Now, there is nothing fundamentally wrong with that implicit level of trust. What is, however, wrong is that that same implicit level of trust is not afforded to the average Asian player — not even to Sachin Tendulkar!

When I saw the Cameron White incident, I commented about it and immediately thought back to Darry Hair and The Oval! Scorpicity, who comments on i3j3Cricket frequently, has written about this too.

What is required is that we have Match Referees that have the integrity and the courage to act against unacceptable behaviour of Australians and Englishmen.

Remember that Procter was the Match Referee who once said, “[Team-X] has always played pretty tough cricket, I don’t think anyone wants them to change the way they play. They are a wonderful side and play in the spirit of the game.”

What was “Team-X” in the above direct quote? Australia.

What was the context of the quote? The McGrath-Sarawan incident.

What did Procter do at the time? Nothing.

[Exit Stage Left]


Act-2 has borrowed heavily from Samir Chopra’s article in CricInfo’s Blog “Different Strokes” titled ‘Why is the Indian Fan So Angry’.

Samir Chopra is spot on.

My distrust with the officials that run the game comes from the totally insulting and perilously supercilious (in my view) actions of umpires like Billy Bowden when they deal with Asian players. Picture these following scenarios and take a check of your heart-rate if you are from the subcontinent. Let me know if it is anything below 85 bpm!

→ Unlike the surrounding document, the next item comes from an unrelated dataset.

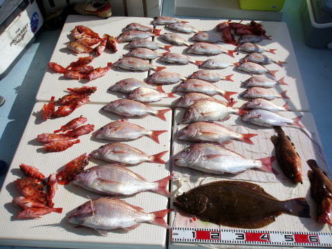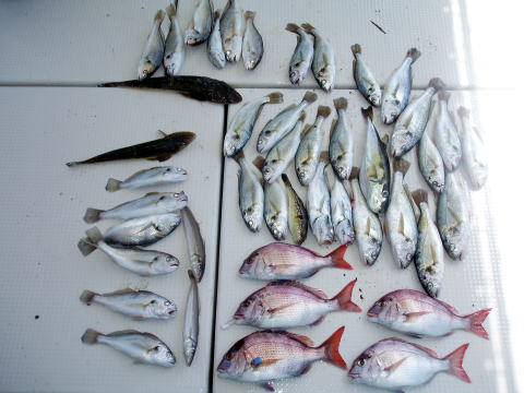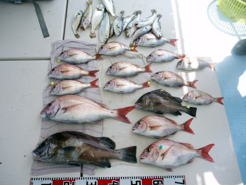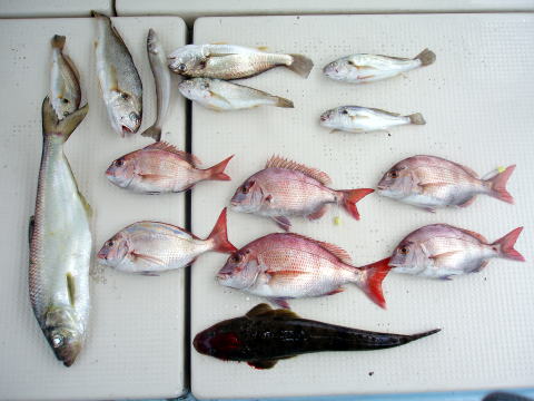 今日はお客様が4名おられれば遠征真鯛の予定でしたが 残念ながら人数が満たなかった為に遠征は中止となりま した。 代わりにお手軽コースの格安真鯛で出船しました。 那須様親子は今回は始めての乗船で、息子さんは大活躍 でした。釣りのセンスありますよ^^ なんと小学1年生とか。 先が楽しみですね〜 お父さん今日は子供さんのお世話で 1日お疲れ様でした。 子供さんにとって今回は良い記念に なったと思います。 今日の竿頭は常連様の大塚様でした。 毎度毎度、安定した釣果です。安心して見ていられますね^^ 釣果に差が出てしまいましたが、やはり棚取りに慣れた方は 楽しみながら釣りをされてますね。 皆さんお疲れ様でした。 真鯛・・・51cm{1,8kg}頭に15匹。{1匹クーラーの中} コショウダイ・・・49cm{1,9kg}頭に2匹。 その他・・・キス、シログチ、ショウサイフグ、ヒラなど。 |

  • Peter Willey shooing away the 12th man in Kolkata who was bringing in spare gloves for the batsman, as though the 12th man were nothing but odour coming out of rotting food,
  • Steve Bucknor reprimanding Partiv Patel in Sydney as though the latter were a truant schoolboy,
  • Billy Bowden shutting up Laxman in Delhi (in the recently concluded Test) as though the latter were an irritating fly.

In the third example above, Laxman had just attempted to complete a run. Bowden had ruled that Laxman had run on the pitch and deducted the run. Fair enough. But Laxman said, “How else could I complete the run?”, to which Bowden put his fingers to his lips and shooed Laxman back to the crease.

Now if that was the way Bowden always acts, that would be perhaps fine. But the same Bowden was repeatedly abused by Ricky Ponting questioning the authority of the umpire on everything from the legitimacy of an overthrow that went for 5 runs to the shape of the ball!

There are many many more examples that I can cite like the ones above. But these give you an example of the images that stay in the mind for a long long time. I have absolutely no trust in these gentlemen that run our beautiful game.

I would like to know that these images that I have are because Indians are inherently bad and not because it is inherently possible for the Bowedns, Bucknors and Willeys to act in this manner with Indians and get away with it.

As Samir Chopra says, these images make even the unthinkable very possible! For an Indian fan, what is perhaps most inconceivable, seems totally accceptable: Aleem Dar, Asad Rauf and even Ashoka DeSilva seem more acceptable as officials in a game involving India! They provide a calming influence!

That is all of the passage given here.